(Totally the right place to ask.)

 A couple of thoughts…

The number of volumes should not matter that match. My volumes are 10 GB 
for differential and incremental backups. And 50 GB for full backups. I 
would not mind having many volume files. Consider putting different pools 
into different directories on your 105 TB-Storage, so that not all files 
are in one directory and making operations slow.

I prefer to have smaller volumes and rather increase the number of parallel 
backups. I am backing up 150 VMware servers and run backups of 10 of them 
in parallel. I also set this in its pool:

Maximum Volume Jobs = 1

That way the storage device (using disk volumes) can write on 10 different 
volumes at the same time thus speeding up the backups. It could keep your 
backup time windows lower if that's helping you.

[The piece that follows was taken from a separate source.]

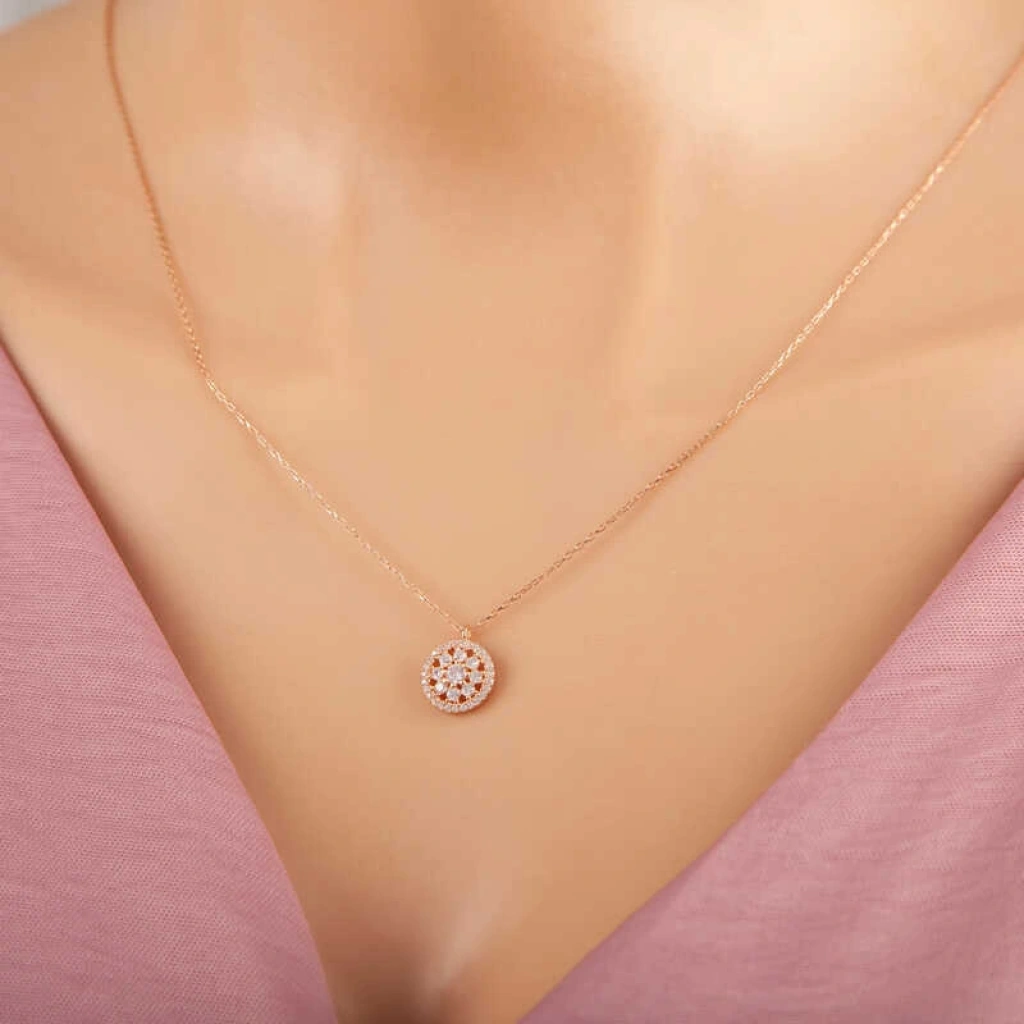 Sevdiklerinize duygularınızı ifade etmenin en özel ve zarif yolu O’na gönderebileceğiniz şık, rengarenk ve mis kokulu çiçeklerdir. Özel günlerde verilecek hediyeler arasında olan çiçek, bu kez farklı bir yorumla tasarlandı... Çiçek kolye sevgisini bir kez daha anlatmak isteyenleri, sen bir çiçeksin demek isteyenleri bekliyor. Bu özel tasarım, çiçek kadın kolye 925 ayar gümüşten imal edilmiştir. Gümüş üzerine rose kaplama yapılmıştır. Rose kaplama yapılan gümüş kadın kolye modelleri parlaklığını uzun süre muhafaza eder ve oksitlenmesi gecikir. Kolye üzerinde bulunan taşlar zirkondur. Tüm kadın gümüş kolye modellerinde olduğu gibi gümüş çiçek kadın kolye de el emeği ile üretilmiştir. Gümüş ve değerli taşlar nedeniyle belirtilen ürün ağırlığında ± %10 sapma olabilmektedir.

(Try not to be too intimidated by the sheer number of configuration files 
and options in Bareos. You can spend a month tuning all those little knobs 
but you will probably not even need it.)


Do you run full backups every 6 months and then only incrementals in 
between? That scares me. Only one incremental backup/volume would have to 
be corrupt to invalidate the entire chain since the last full backup. What 
about something like…

   - Full every 6 months
   - Differential every two weeks
   - Incremental every two days
   
It may depend on how much data changes on the servers that you back up, 
whether that makes sense. But on a server where only a few percent of the 
data changes every day, it may be a good solution.
Con: a little more space used because a differential backup would capture 
more than just the increments
Pros: more safety. If a differential or incremental backup becomes corrupt, 
you would lose 0-2 weeks of data as opposed to 0-6 months. And restores 
will be a bit faster because they don't have to apply the entire chain.

Cheers
 Christoph

Brad Fairfield schrieb am Freitag, 3. Januar 2025 um 19:00:12 UTC+1:

> I'm sorry if this is not the appropriate place to ask.  If not, could 
> someone let me know where to go.
> I have been doing backups for various clients and employers for around 
> twenty five years, but I am new to Bareos.  We will be backing up approx. 
> 12 servers (a mix of Linux and Windows), and we are wanting to provide 6 
> months of backups.  We estimate it will be approx. 30 TB of full backups 
> and 10-12 TB of incremental backups in that six month time frame.  We will 
> be doing file backups, and our Bareos server will have over 105 TB of 
> internal storage.
> We plan on doing full backups every 6 months with regular incrementals.  
> With a retention time of just under 365 days.  That way it is recycling the 
> full backup volumes from a year ago, rather than starting a third full 
> backup at the one year point.
> The big question is on size of the backup volumes.  I have never had the 
> option to change that.  What are the things to consider when you are 
> determining the backup volume (FULL and Incremental) sizes.  Is it better 
> to keep them lower, thinking the server can more efficiently handle the 
> small files when it has to open, write and save the files.  But then you 
> could potentially have thousands of backup volumes that you have to 
> manage.  Or can you set it much larger without any concerns to reduce the 
> number of files in the backup volume directory.
> Also, the thought is how much data could be lost if one of the backup 
> volumes becomes damaged.
> Then, that lead to what happens in Bareos if you are trying to do a larger 
> restore job, and it calls for a backup volume that is damaged.  Does it 
> fail the entire restore job, or does it just report it in a message and 
> move on the the next volume it can access?